Cytopathology (from Greek κύτος, kytos, “a hollow”; πάθος, pathos, “fate, harm”; and -λογία, -logia) is a branch of pathology (founded by George Nicolas Papanicolaou in 1928) that study and diagnosis of cells under the morphological and functional profile, which evaluates, with the help of various techniques, the cellular alterations of the tissues under examination in order to identify possible morbid entities both for neoplasms and non-neoplastic diseases. The criteria of cytology are based purely on the morphological characteristics of the cells of their nuclei and cytoplasm: shapes, colors, sizes and patterns of aggregation that are evaluated and compared in order to provide the diagnosis.

There are two methods of collecting cells for cytopathologic analysis: exfoliative cytology, and intervention cytology.

Exfoliative cytology

In this method, cells are collected after they have been either spontaneously shed by the body (“spontaneous exfoliation”), or manually scraped/brushed off of a surface in the body (“mechanical exfoliation”). An example of spontaneous exfoliation is when cells of the pleural cavity or peritoneal cavity are shed into the pleural or peritoneal fluid.

Examples of exfoliative cytology that involve manual tissue brushing or scraping include:

  • Gynecological samples: Pap smear, which involves brushing off cells from cervix using a swab, is the most well-known type of exfoliative cytology.
  • Bronchial brushings: where a bronchoscope is inserted into the trachea and used to evaluate a visible lesion by brushing cells from its surface and subjecting them to cytopathologic analysis.
  • Gastrointestinal tract samples: brush off cells from the lining of gastrointestinal tract (stomach and intestines) during an endoscopy procedure for cytology testing.
  • Skin or mucus samples: scrape off cells from skin or mucous membranes, such as the inside of your nose or mouth, for cytology testing.

Examples of exfoliative cytology that involve collecting tissues or fluids that your body naturally sheds include:

  • Respiratory samples: fluids such as spit and mucus (also called phlegm or sputum) that you cough up for a respiratory cytology test.
  • Urinary samples: urine sample to use for a cytology test.
  • Discharge or secretion samples: abnormal bodily discharge, such as from eye, vagina or nipple.

After sampling, two main techniques can be used: conventional cytology and liquid-based cytology. With the latter, the sample is placed in a liquid that is then processed for further investigation.

Intervention cytology

Intervention cytology is a branch of cytology in which your healthcare provider has to “intervene” with your body to get a sample of cells to test, meaning they have to pierce your skin in some way to get a sample of cells.

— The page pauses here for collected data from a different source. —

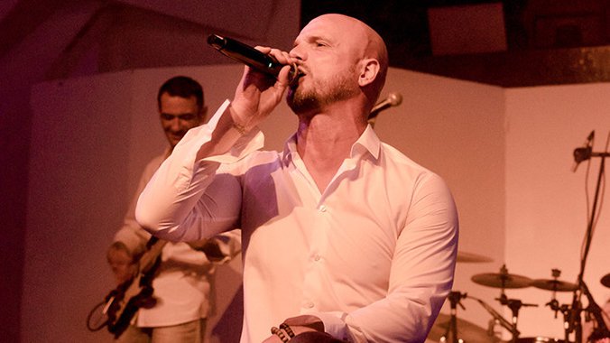 Naravno, nismo mogli a da ne iskoristimo priliku da ga ispitamo neke stvari, pa ga je tako novinarka portala Pink.rs, Milica Krasić, upitala da li je istina da je na jednom svadbenom veselju pevao samo svoju pesmu "Usne boje vina" cele večeri: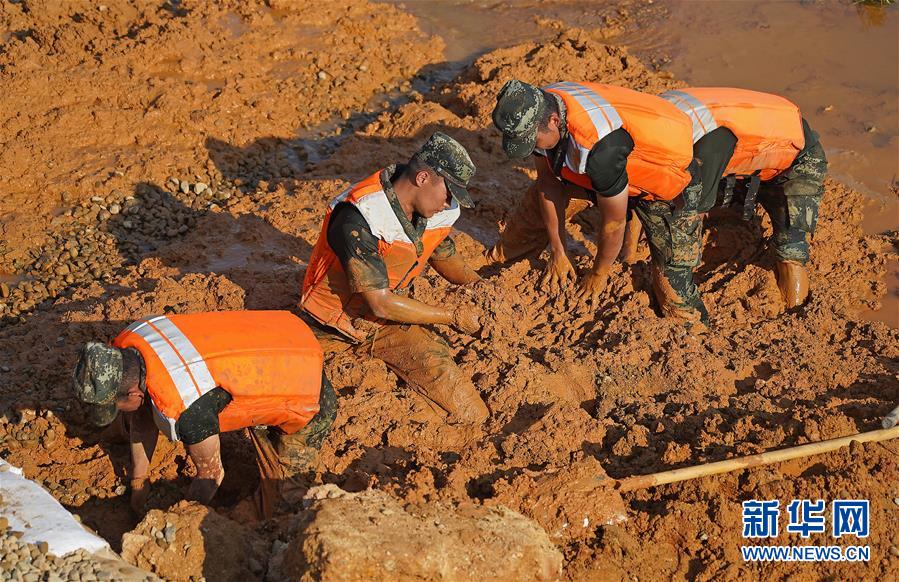 武警江西总队上饶支队的官兵在泥水中开挖导渗沟(7月14日摄)。 开挖导渗沟、填埋沙石、疏通排水渠、垒填沙袋,汗水划过脸颊,浸湿军装。在位于江西省余干县古埠镇的齐埠联圩上,武警江西总队上饶支队的60名战士头顶烈日,挥汗如雨,在泥水中处置一处堤坝坍塌险情。在这群平均年龄只有21岁的年轻战士中,最小的只有18岁,其中“00”后战士就有27人。在汗水与泥水的交织中,记者用镜头记录下这些最可爱的身影。 新华社记者 万象 摄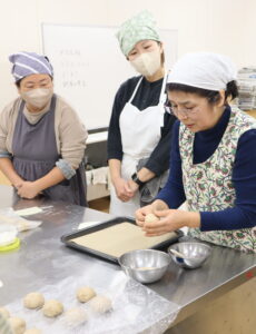 参加者はLINEで募集し、当日は市内でパン教室を開いている阪部菜穂子さんが講師を務めました。教室ではビニール袋で材料を混ぜて生地を作り、クリスマスの定番であるシュトーレンと、アレンジしやすいシリアルプチパン作りに挑戦!いずれも天然酵母を使用し、素材の風味を生かした製法で仕上げ、参加者からは「もちもちしておいしい」などと好評でした。次回は1月末に手作り味噌教室を予定しています。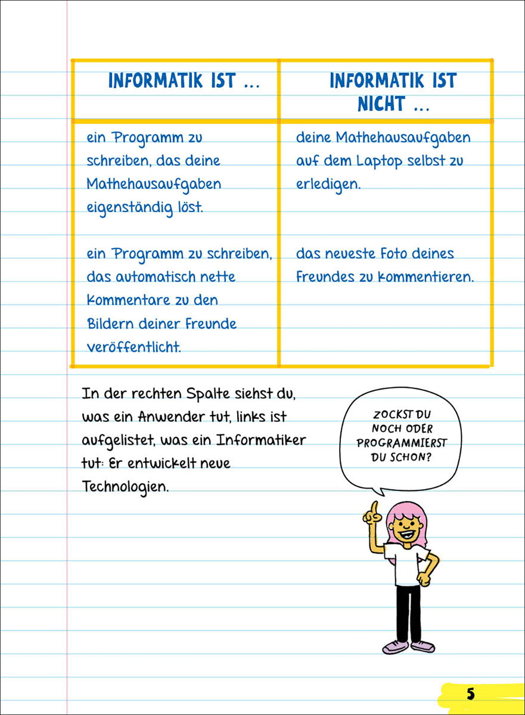 Keine Lust auf Informatik ? Damit ist jetzt Schluss. Hier kommt dein Starter-Kit fürs Programmieren ! Für bessere Noten und den vollen Durchblick! Erfahre alles über ... ... Computersysteme ... Datenanalyse ... Bugs ... Bits und Bytes ... Softwareentwicklung ....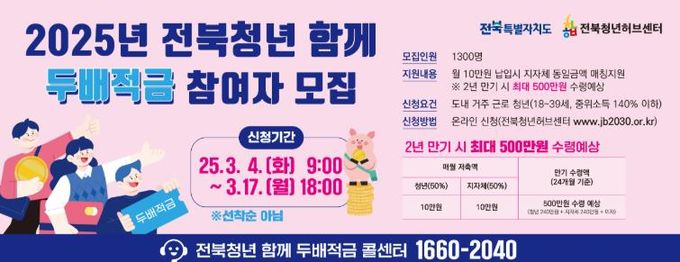 신청은 ‘전북청년 함께 두배적금’ 홈페이지에서 온라인으로만 가능하다.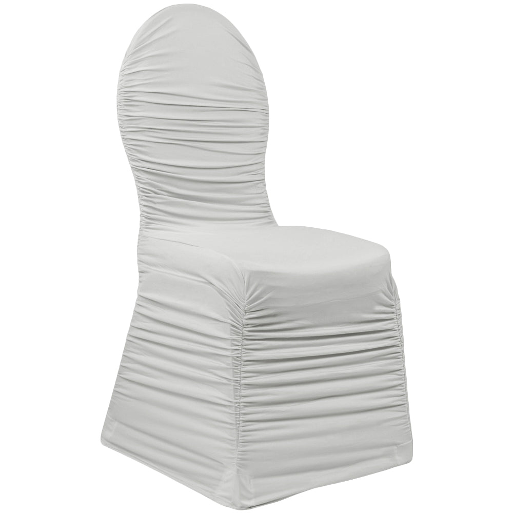Make your event a memorable one with extra glam. Our Ruched Fashion spandex banquet chair covers are fashionable, modern and chic with ruffled backing to give any wedding or special event a one of a kind elegance. Ruched Fashion spandex chair covers hug your chair snuggly to show the chairs shape. We offer the Spandex chair covers in many colors to fit your banquet chair to dress up your theme and help you create the look of your dreams.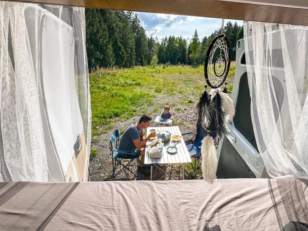 V avtodomu imamo majhno kuhinjo, ki nama omogoča pripravo domačih, enostavnih obrokov. Hrana je pogosto podobna kot doma – testenine, juhe, popečena zelenjava, kašice. Prednost je, da nismo odvisni od restavracij ali iskanja primerne hrane za otroka. Vse je pod nadzorom, hkrati pa naša kuhinja potuje z nami.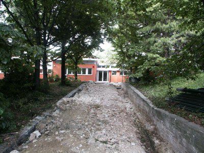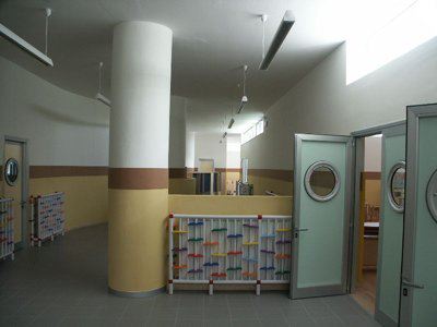 Sito nel quartiere di Santa Maria Maddalena Inferiore, l'edificio costituisce un complesso scolastico, delimitato da un'area verde di pertinenza, recintata, confinante con Via Petracco e Via Curiel. La pianta del complesso è di forma irregolare, ricavata dalla connessione di più corpi edilizi disposti in maniera organica a seguire l'andamento orografico del terreno. L'alzato è di un unico piano, con copertura a padiglione in coppi curvi rossi uso Trieste. Le strutture portanti sono in cemento armato e latero cemento. La superficie delle facciate è rivestita in intonaco multicolore. La luce naturale penetra all'interno anche grazie ad ampie fasce in vetrocemento, che definiscono il coronamento dei prospetti. Di diversa tipologia è il corpo adibito a palestra, di dimensioni più grandi, caratterizzato da ampie finestrature nella parte alta di facciata, adatte all'illuminazione dello spazio interno.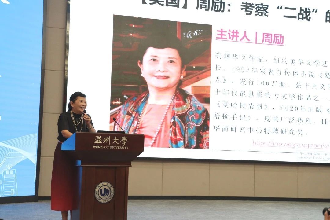 美国华人作家周励的演说主题为“考察‘二战’的血与火”。周励以自己在北纬90度参加跳水冰泳的故事勉励青年朋友勿要“躺平”,需用激情拥抱生活。她重点论述了其与二战有关的历史书写,周励以史学家的精神和文学家的激情发掘那些近乎被遗忘的二战事件,以恢弘的书写和逼近心灵的拷问警醒世人维护和平,其近十万字的战争灾难文学辑录于作品《亲吻世界——曼哈顿手记》中。周励阐述了其写作生发的缘由——爱游泳的周励在一次浮潜时意外发现了海底的战船残骸,经由大量考察和走访,她深刻认识到与战船相关的贝里琉岛战役的残酷,希望在灾难的历史中探究可贵的人性光辉,呼吁人类珍惜和平。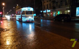 По Одессе курсирует новогодний трамвайчик (видео)
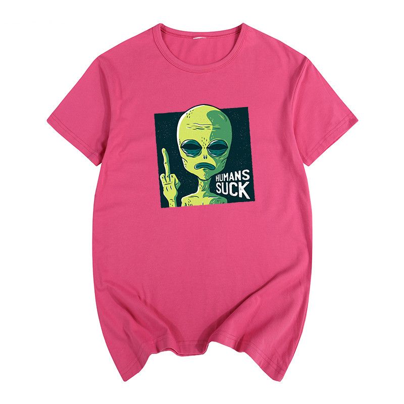 Funny Spoof Cartoon Short-sleeved T-shirt For Men And Women Rose Red M

The most common type of intervention cytology is fine-needle aspiration (FNA). A healthcare provider will inject a thin needle into the area that they need to sample and draw out fluid. A pathologist then examines the cells in the fluid under a microscope.

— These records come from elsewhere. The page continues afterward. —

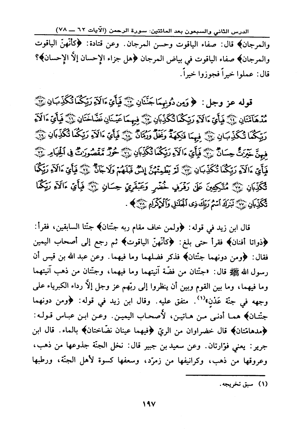 وَالْمَرْجَانُ} صفاء الياقوت في بياض المرجان {هَلْ جَزَاء الْإِحْسَانِ إِلَّا الْإِحْسَانُ} ؟ قال: عملوا خيرًا فجوزوا خيرًا.
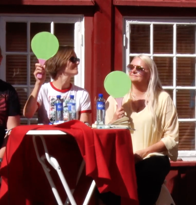 RØDGRØNNE KULTURPOLITIKERE: Anette Trettebergstuen (t.v.) og Åslaug Sem-Jacobsen blant kulturpolitikere på Arendalsuka – her er begge i lykkelig opposisjon. (Foto: Faksimile/skjermdump fra Arendalsuka)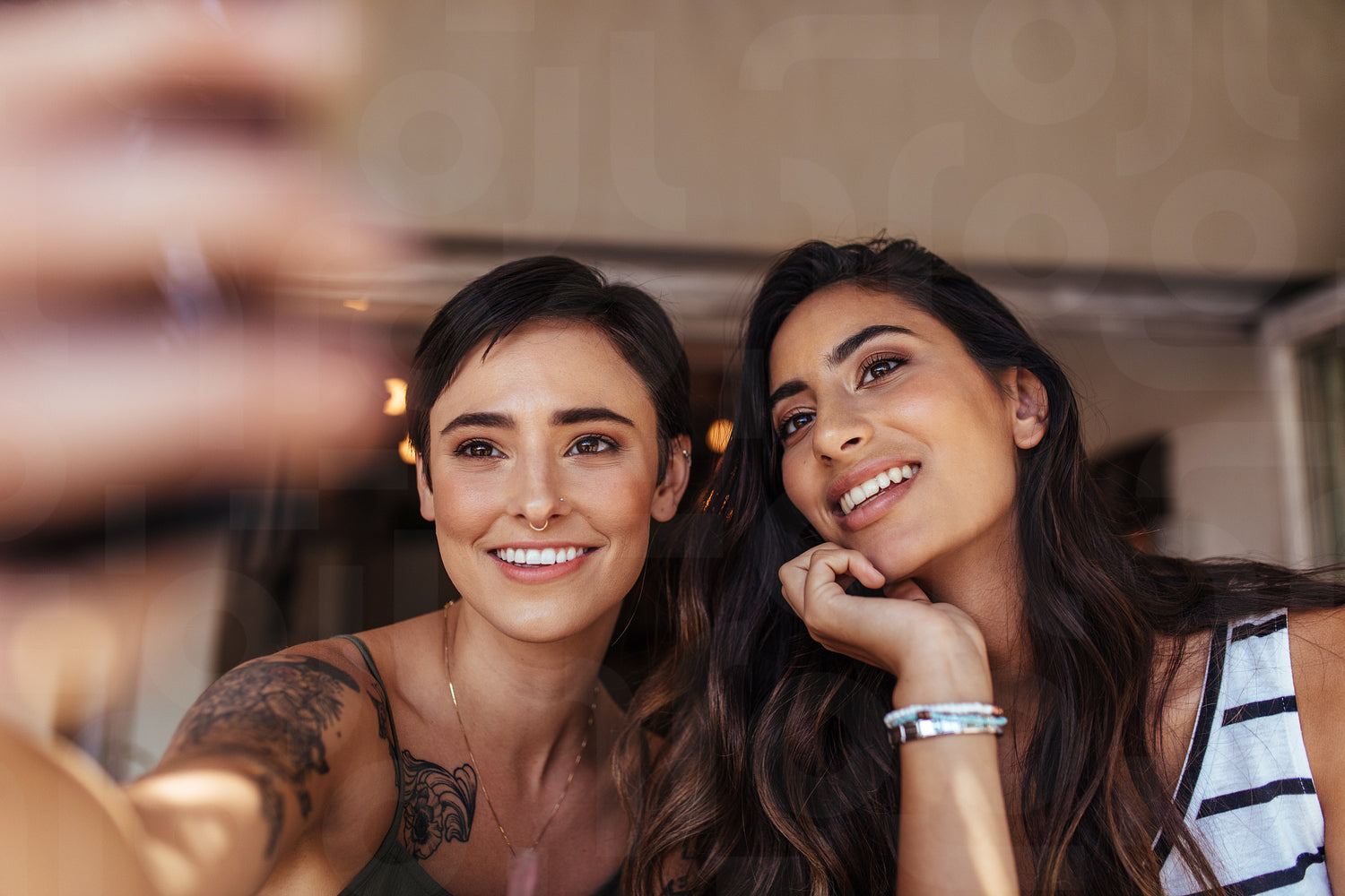 Two women sitting outdoors looking at a mobile phone. Smiling women posing for a selfie.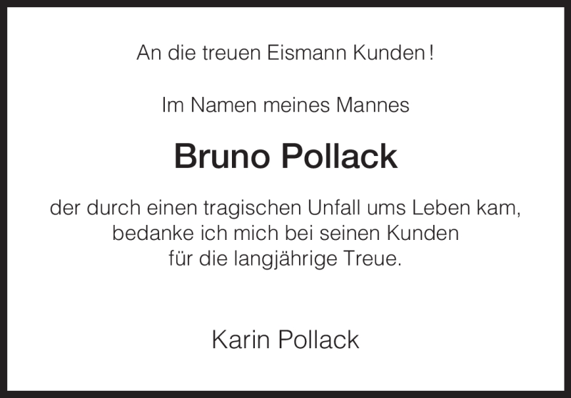 Hier finden Sie alle Traueranzeigen aus der Zeitung, die bisher für Bruno Pollack erschienen sind. Weitere Traueranzeigen, die in der Zeitung erscheinen, werden hier ebenfalls aufgelistet

Some areas of your body that a healthcare provider may perform a fine-needle aspiration include:

  • Fluid-filled lumps (cysts) under your skin.
  • Solid lumps (nodules or masses) under your skin.
  • Your lymph nodes.
  • Your pericardial fluid, which is the fluid in the sac around your heart.
  • Your pleural fluid, which is in the space between your lung and the inside of your chest wall.